The Problem

When we talk about Artificial Intelligence in the context of strategy games or military simulations we can all picture what we’re talking about even if we can’t agree on the methods used to create it or even a precise name to call it.

John Laird has used the phrase “Human-Level Intelligence” by which he means an AI that is able to compete with a human on an equal level.

George and Cardullo1 use the term “humanlike expertise in the military domain.”

Grant’s Vicksburg campaign (top) and MacArthur’s landing at Inchon (right). These campaigns are classics of military strategy because the maneuvers were completely unsuspected and were contradictory to established military doctrine. That is also why they were successful.

However, we know what we want the AI to do: confronted with the situation that faced Grant before Vicksburg in 1863 we want the AI to ignore conventional military wisdom and send its troops below the objective and conduct a lightening campaign that ends with the envelopment and surrender of the enemy forces.
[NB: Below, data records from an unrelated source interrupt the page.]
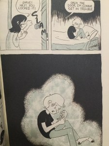 These three frames are interesting time frames because the viewer can look at it either up to down or down to up and still get a similar idea of what is going on. If the viewer starts from the top they might see that the top frames are fast and trying to get Dave to open the door and for the last panel having it be big can show that Dave just sits there contemplating about something. But if the viewer starts from the bottom it looks like Dave is sitting there contemplating something for a long while because the size of the panel and then he gets interrupted to open the door. So, either way the viewer reads this page for the comic it will show Dave contemplating for a longer amount of time than the other panels.
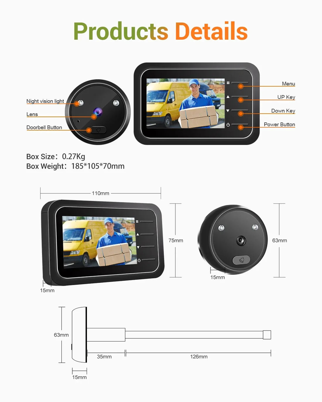 Ova kamera zamenjuje špijunku. Ekran prikazuje jasnu sliku osobe pred vratima. Takođe je moguće sačuvati slike ili video zapis. Instalacija je jednostavna i kamera odgovara standardnoj rupi za špijunku.
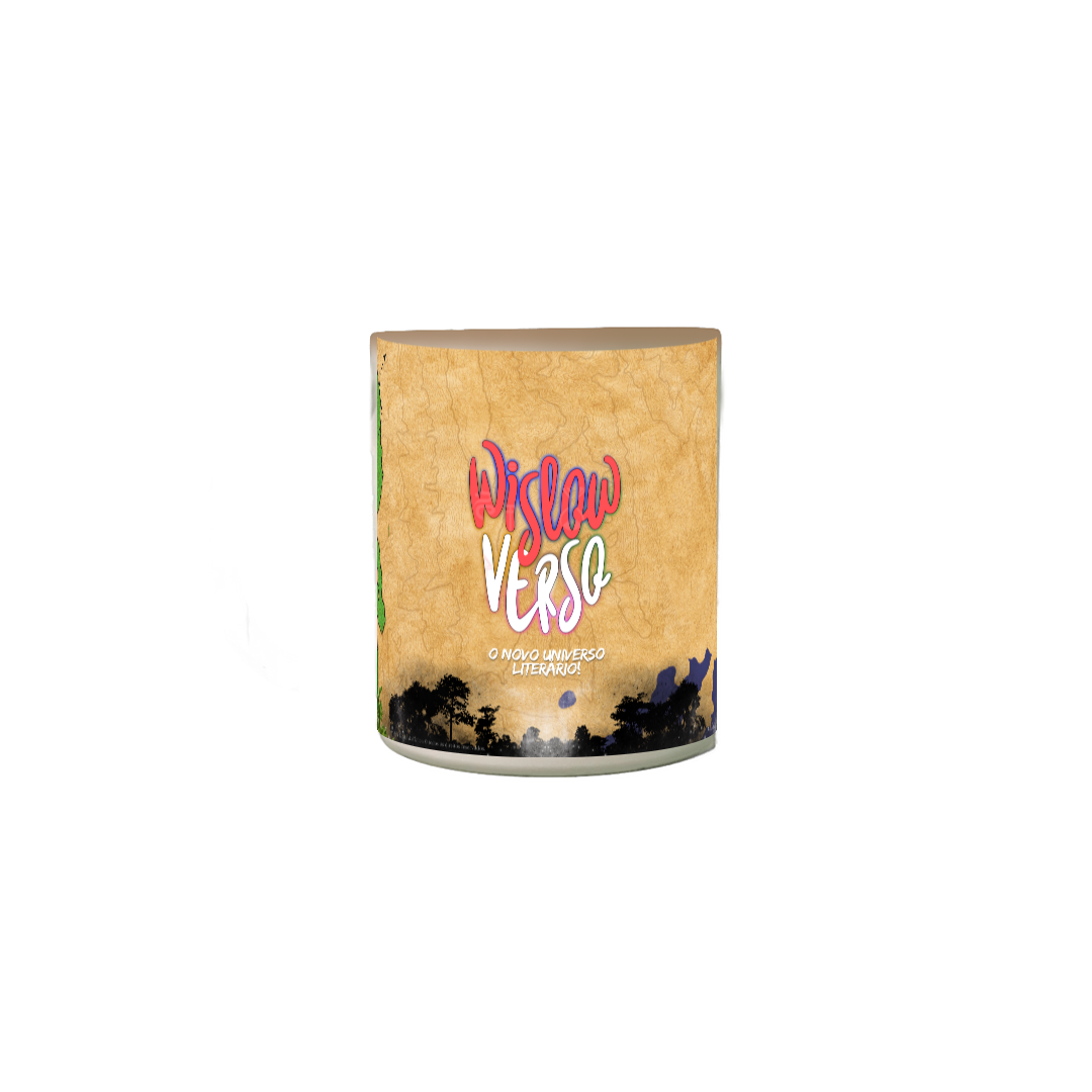 Caneca colecionável com mapa ilustrado em estilo pergaminho vintage: arte full-wrap (envolve toda a caneca) que mostra relevo, rios e marcações épicas do Wislowverso, ideal para leitores que gostam de lore. Caneca com personalidade: o logo colorido Wislowverso aparece em wrap com fundo que remete a céu ao entardecer e silhuetas de savana — combinação que une o tom literário e o clima da saga. Boa para uso diário, como peça de merchandising em lançamentos de livros, brindes para leitores ou itens de estande em eventos. Impressão por sublimação garante cores vivas e boa definição.

Likewise, in a simulation of the Korean peninsula in September, 1950, we want the AI to conceive of a daring amphibious invasion 180 miles behind enemy lines as MacArthur did.

We want an AI that understands the rules and the physics of its environment and yet can think outside of the box when necessary.

One of the books making quite a stir this summer is Michael Lewis’ Moneyball. The book describes the management style of Billy Beane of the Oakland A’s but that is not what is controversial. Rather it is the book’s description of Bill James’ Sabermetrics and how it throws conventional baseball wisdom out the window that is causing so much discussion around the ball fields of America. Bill James makes a very convincing case that 150 years of “common sense” baseball is completely wrong. Billy Beane, embracing the tenets of Sabermetrics has built a winning ball club for a fraction of the cost of his opponents. We want an AI that can come to the same counterintuitive, but correct, conclusions.


1 “Intelligent systems such as CGF must possess humanlike expertise in the military domain. Like a human or group of humans in a military organization they must be able to adapt and learn” - G. R. George and F. Cardullo. “Application of Neuro-Fuzzy Systems to Behavioral Representation in Computer Generated Forces”, Proceedings of the Eighth Conference on Computer Generated Forces and Behavioral Representation, Orlando FL, May 11-13 1999, pp. 575-585.